-
Notifications
You must be signed in to change notification settings - Fork 33
Description
The v3 spec permits the existence of Zarr groups without any distinguishing metadata.
In the section comparing v3 with v2, the spec states
v3 allows for greater flexibility in how groups and arrays are created. In particular, v3 supports implicit groups, which are groups that do not have a metadata document but whose existence is implied by descendant nodes. This change enables multiple arrays to be created in parallel without generating race conditions for the metadata when creating parent groups.
So the argument here is that we want to avoid race conditions when creating arrays in parallel. Is this a serious problem for anyone? Personally, I was not aware that parallel hierarchy mutation was a design goal of Zarr. I always thought that the only parallelism guarantees were for separate array chunks; since creating nodes in the hierarchy is so simple (just write a JSON document), there shouldn't be a motivation for parallelizing this process, at least that's how it seems to me.

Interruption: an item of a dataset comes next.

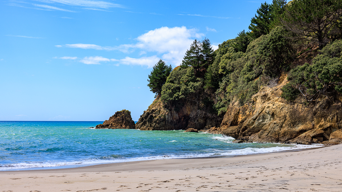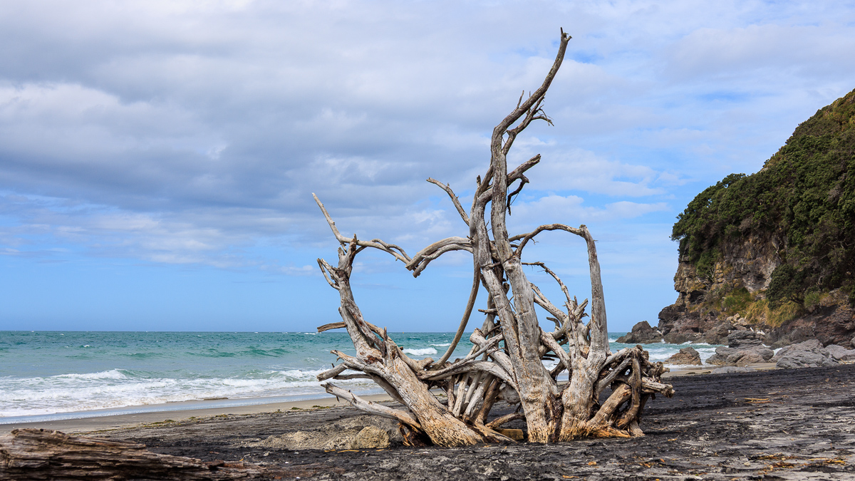 An einem schönen Tag fuhr ich Richtung Coromandel Peninsula – die gesamte Küste sah im Internet vielversprechend aus. Ich hatte allerdings keine Lust, den ganzen Tag Auto zu fahren und hielt schon relativ früh, am Waihi Beach. Das war grosser, ziemlich menschenleerer Sandstrand. Viele hübsche, angeschwemmte Muscheln. Zum Baden war es nach wie vor viel zu kalt. Ich unternahm einen Spaziergang zum nächsten Sandstrand weiter nördlich; der Weg führte wieder einmal durch einen dieser wunderschönen Wälder. Dieser zweite Strand war kleiner, aber schöner, mit Bäumen, deren Äste dem Sand nach Richtung Meer wuchsen und sich dort in den Boden eingruben, als wären es Baumstämme. Märchenhaft sah das aus. Ich rollte das zu kleine Badetüchlein unter dem Halbschatten eines solchen Baumes aus, starrte die Wolken an und lauschte dem Meer. Gegen Mittag kamen vermehrt andere Leute. In der Sonne schmoren war wohl keine gute Idee, im Schatten hingegen war es nicht richtig warm; ich machte mich also auf den Rückweg. Dort ass ich im so ziemlich einzigen Restaurant des Ortes einen Beefburger mit Fries. Der schmeckte gut, und ich merke, dass es mir gut tat, mal über Mittag was Rechtes zu essen, statt immer abends um sechs völlig ausgehungert zu sein. Erst jetzt begriff ich, dass man in Neuseeland immer an den Tresen gehen musste, um in einem Restaurant zu bezahlen.

Later, there is a section comparing explicit and implicit groups, which states
This specification defines both implicit and explicit groups, but implementations may create an explicit group for all implicit groups they encounter, in particular when using a hierarchical storage.
Erasure of an implicit group may automatically erase any empty parent. For example on a S3 store where the namespace is flat, erasure of the last key with a prefix will erase all implicit groups in the prefix.
Care must be taken when erasing an array or a group if the parent needs to be converted into an explicit group.
A race-condition arises if a client writes an array at path P, and another client concurrently assumes P is an implicit group and writes subgroups or arrays into it. Implementations can avoid this race condition by exclusively using explicit groups.
So here we learn that implicit groups actually introduce a new type of race condition, because they make the structure of Zarr hierarchy ambiguous, and there's a suggestion that implementations modify Zarr hierarchies they encounter to insert implicit groups when they are detected. I don't think this is great. First, we have traded the race condition that motivated implicit groups for another one, so we are net 0 race conditions, and we are encouraging implementations to mutate the hierarchies they encounter, perhaps as an admission that implicit groups might be a bit of a headache in practice.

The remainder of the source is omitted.